Мой роман, или Разнообразие английской жизни - Эдвард Бульвер-Литтон
Шрифт:
Интервал:
Закладка:
– Денег! И не говорите о них!
– Ладно и то, сказал Дик с мягкосердечием: – я сам теперь не намерен говорить общими местами. Что касается до этого черномазого барона Леви, дай мне сначала отделаться от его жидовских объятий; впрочем, иди знай, показывай дорогу: нечего терять нам время.
Один взгляд на машину, изобретенную Леонардом, дал понять Ричарду Эвенелю, какую пользу она могла бы принести ему. Получив в свое владение право на патент, которого прямые последствия, состоявшие в увеличении силы и сокращении труда, были очевидны для каждого практического человека, Эвенель почувствовал, что он должен достать необходимую сумму денег для выполнения предприятия, для изготовления машин, уплаты векселей, данных Лени, и для открытой борьбы с самыми чудовищными капиталистами. При этом нужно было только принять в свое сообщество какого нибудь другого капиталиста; кого же? всякий товарищ лучше Леви. Счастливая мысль в это время посетила его.
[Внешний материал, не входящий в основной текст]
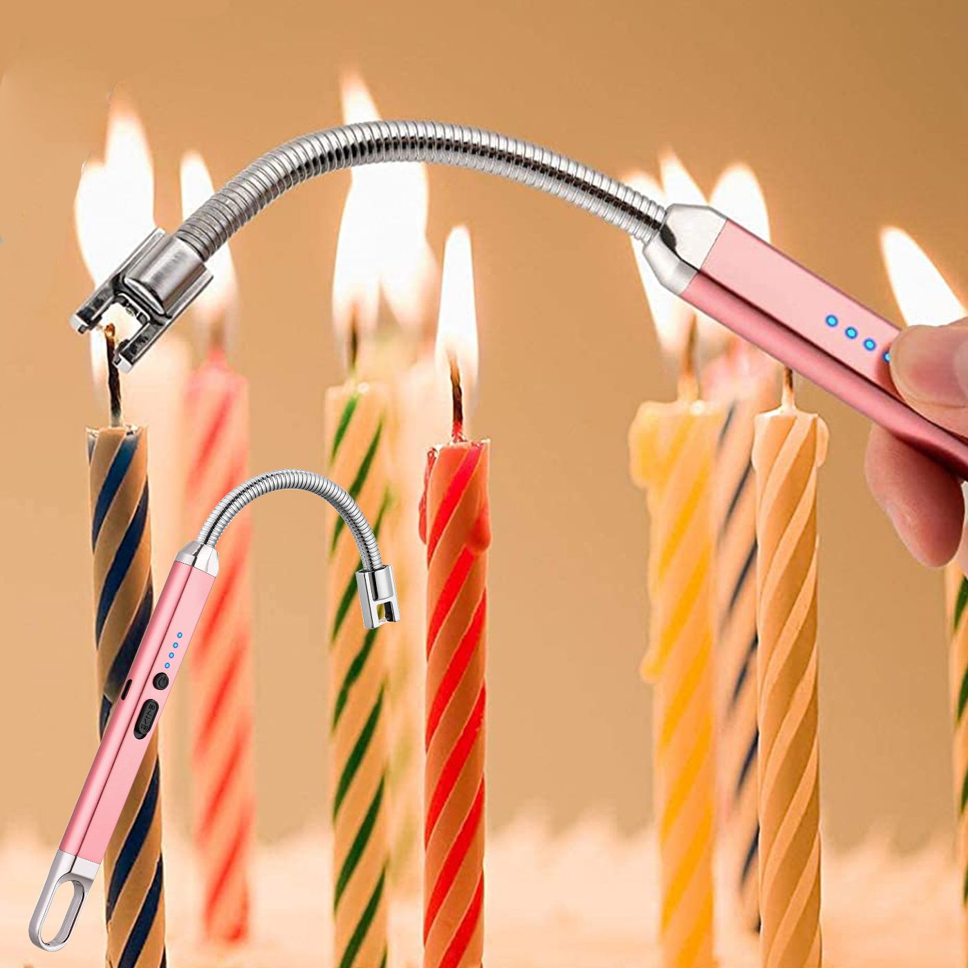 1pc Electric Candle Lighter; Rechargeable Safety Lighter With LED Indicator For Camping BBQ (Rose Golden) 11.8inch

Дик назначил Леонарду час, когда сойтись вместе у маклера, чтобы условиться насчет нормальной передачи привилегии «на кондициях, выгодных для обеих сторон», бросился в Сити отыскивать капиталиста, который мог бы выхватить его из когтей Леви и избавить от машин соперника его в Скрюстоуне. «Муллинс был бы вполне подходящий, еслиб мне удалось подцепить его, сказал Дик. – Слышали вы о Муллинсе? – О, это удивительный человек! Взгляните только на его гвозди – никогда не ломаются! Он составил себе по крайней мере капитал в три миллиона чрез эти гвозди, сэр. А в этой старой, изношенной стране нужно иметь аршинный склад, чтобы бороться с таким негодяем, как Леви. Прошай… прощайте, прощайте, мой милый племянничек!»
–
Гарлей л'Эстрендж сидел один в своей комнате. Он только что читал перед этим одного из своих любимых классических писателей, и рука его лежала еще на книге. Со времени возвращении Гарлея в Англию произошла заметная перемена в выражении лица его, в манерах и привычках его гибкой, юношеской натуры. Уста его сжимались с какою-то решительною твердостью; на челе его напечатлелся более сформированный характер. Место женственной, ленивой грации в движениях заступила необыкновенная энергия, столь же покойная и сосредоточенная, сколько и та, которою отличался сам Одлей Эджертон. В самом деле, если бы мы заглянули в сердца Гарлея, мы увидали бы, что первое время он делал много усилий, чтобы покорить свои страсти и укротить свой непреклонный дух; мы увидали бы, что здесь весь человек направлял себя во имя сознания собственного долга. «Нет – говорил он сам с собою – я не буду ни о чем думать, хроме действительной, практической жизни! Да я что за наслаждение, если бы даже я не дал слова другой, что за наслаждение доставила бы мае эта черноглазая итальянка? Не есть ли все это игра ребяческого воображения! Я опять получаю способность любить, – я, который в продолжение целой весны жизни, преклонялся с какой-то непонятною верностью пред памятью о милой для меня могиле. Перестань, Гарлей л'Эстрендж, поступай наконец как должно поступать человеку, который живет посреди людей. Не мечтай более о страсти. Забудь мнимые идеалы. Ты не поэт: к чему же воображать, что жизнь сама по себе есть поэма?…»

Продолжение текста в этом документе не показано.